First, a method for removing additive, multiplicative, and mixed noise from an image is developed. An image patch from an ideal image is modeled as a linear combination of image patches from the noisy image. This image model is fit to the image data in the total least square (TLS) sense, because it allows uncertainties in the measured data. The image quality of the output image demonstrates the effectiveness of the TLS algorithms and improvement over existing methods.

Second, we develop a novel technique to combine demosaicing and denoising procedures systematically into a single operation. We first design a filter as optimally estimating a pixel value from a noisy single-color image. With additional constraints, we show that the same filter coefficients are appropriate for demosaicing noisy sensor data. The proposed technique can combine many existing denoising algorithms with the demosaicing operation. The algorithm is tested with pseudo-random noise and noisy raw sensor data from a real digital camera, and the proposed method suppresses CMOS image sensor noise while effectively interpolating the missing pixel components better than when treating demosaicing and denoising problems independently.

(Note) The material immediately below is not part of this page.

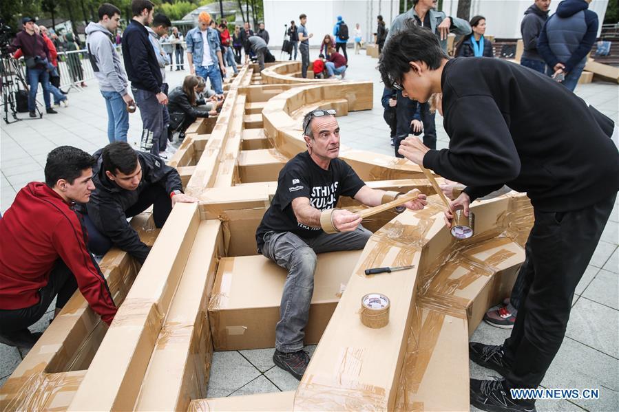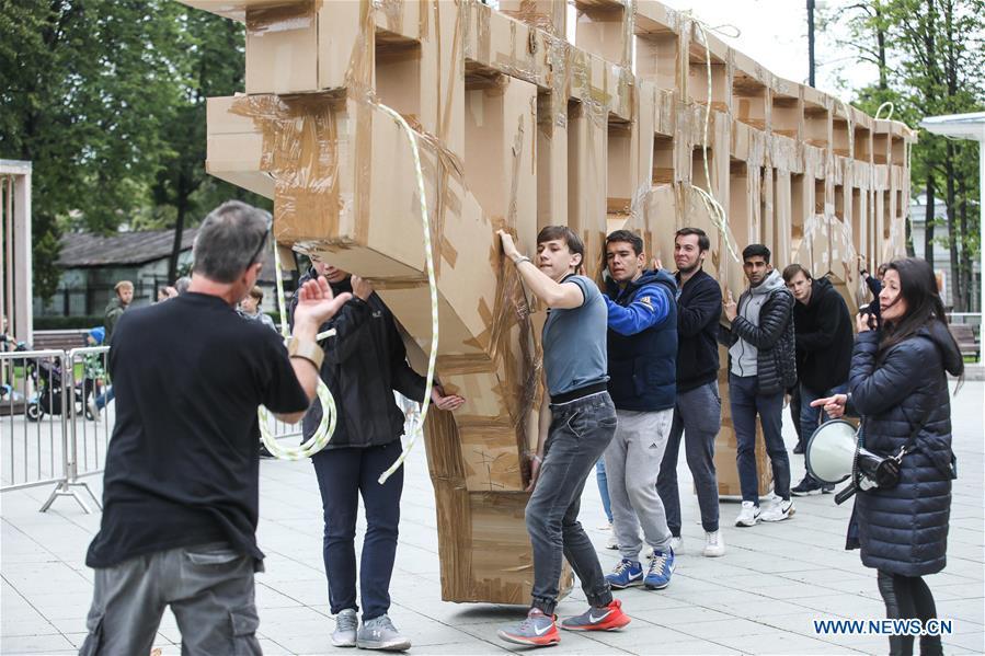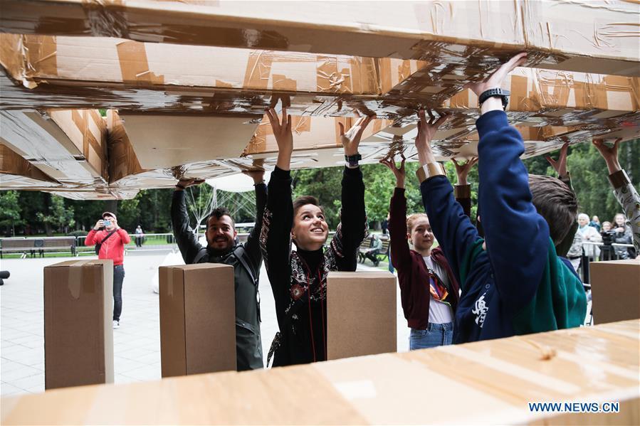 Volunteers assemble a bridge made of cardboard and duct tape in Ostankino park in Moscow, Russia, on Aug. 1, 2019. A 18-meter-long flying bridge made of cardboard and duct tape was assembled and installed in Ostankino park of Moscow on Thursday. The bridge was lifted into the air with the help of three balloons filled with helium. (Photo by Maxim Chernavsky/Xinhua)

Third, the problem of adjusting the color to match the digital camera output with the scene observed by the photographer?s eye is called white-balance. While most existing white-balance algorithms combine the von Kries coefficient law and an illuminant estimation techniques, the coefficient law has been shown to be an inaccurate model. We instead formulate the problem using induced opponent response theory, the solution to which reduces to a single matrix multiplication. The experimental results verify that this approach yields more natural images than traditional methods. The computational cost of the proposed method is virtually zero.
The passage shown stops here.